Ossian's Swansong (ca. 1782) by Nicolai Abraham Abildgaard
Ossian’s Swansong (ca. 1782) by Nicolai Abraham Abildgaard. Source: Wikimedia Commons, file by James Steakley.

The Antarctic scientific community is probably somewhat unusual. Encompassing such a broad span of disciplines it is surprisingly close-knit, in part a result of both common scientific goals (see above), time spent in close proximity in the field, and a unified affliction by the allure and magic of Antarctica. This results in the forging of tight, long-term professional relationships and strong friendships.

The malaise of a career in science

I wasn’t the only scientist present in a state of flux. Other attendees I knew already and some I met for the first time in Auckland were anxiously seeking opportunities at every level.

This isn’t in anyway a criticism of the state of Antarctic science, but rather a reflection of the epidemic that science finds itself in. Scientists being forced or choosing to leave science is a spreading disease, that like the plight of women in science (and highly related to the latter), has been hitting headlines (e.g. herehere and here).

Restructuring is also a contagious malaise, greatly contributing to the workload pressures on those that remain and the increasing squeeze on science jobs. A recent THE article questions just why are university managers so obsessed with change?

It is saddening to think that so many bright and talented scientists may be lost from this very leaky pipeline; from those struggling to secure PhD’s, or postdocs, or first academic position, or more established scientists like myself. These are people who live for science and in particular are truly, madly passionate about the icy continent.

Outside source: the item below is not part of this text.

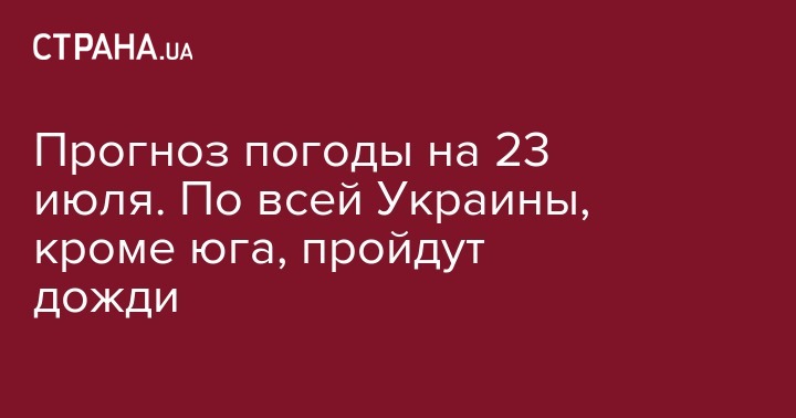 Сегодня, 23 июля, в Украине сухая погода ожидается только на юге и юго-востоке страны, на всей остальной территории страны – дожди и грозы, сообщает Укргидромецентр.
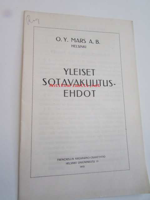 Yleiset sotavakuutusehdot O.Y. Mars A.B. 1915

A Nature Careers article suggests that people seeking non-academic jobs (whether by choice or not) are expected to show more, be more to succeed elsewhere- how many hoops are reasonable is worth pondering?

There are so many barriers to a career in science and for women, especially, those barriers can be mountainous in nature. This was for example, the first SCAR conference I have been to for some years due to motherhood, the significant personal and professional impacts of the Christchurch earthquakes and two years of institutional restructuring. Such impediments to attending these vital networking opportunities may lead to a less visible ‘science presence’, limiting opportunities in a number of ways.

Trans-disciplinary skills need to be embraced in science

In particular, those seeking positions that I met were all extremely competent science communicators, skills #SciAdvice14 participants emphasised were vital in a post-normal science world. It left me pondering that our current systems do not recognise the ‘right’ mix of skills modern scientists really need and therefore do not adequately select for those. In fact, in many cases it appears that selecting against trans-disciplinary skill-sets may occur.

I left SCAR2014 knowing that I still have a lot to offer both science and science communication. I’m full of ideas for new research projects with new and established collaborators, as well as novel ways to improve our science communication efforts. If you also think there’s still space for someone like myself in science, then by all means contact me or comment below. Bluntly speaking, I’m not ready for SCACR2014 to be my swansong out of science.

And if you are in need of a scientist, postdoc, or PhD student I know some talented people itching to be given the opportunity to demonstrate their many merits.

If we’re all given the opportunity to make the difference we want to in the world, then that will definitely be worth singing about.

If you’re wondering why this seems like a post within a post, it is because I felt so constrained not to speak out for so long that I felt I could only first write about the reality of science and my situation by couching it under another topic, what scientists do all day.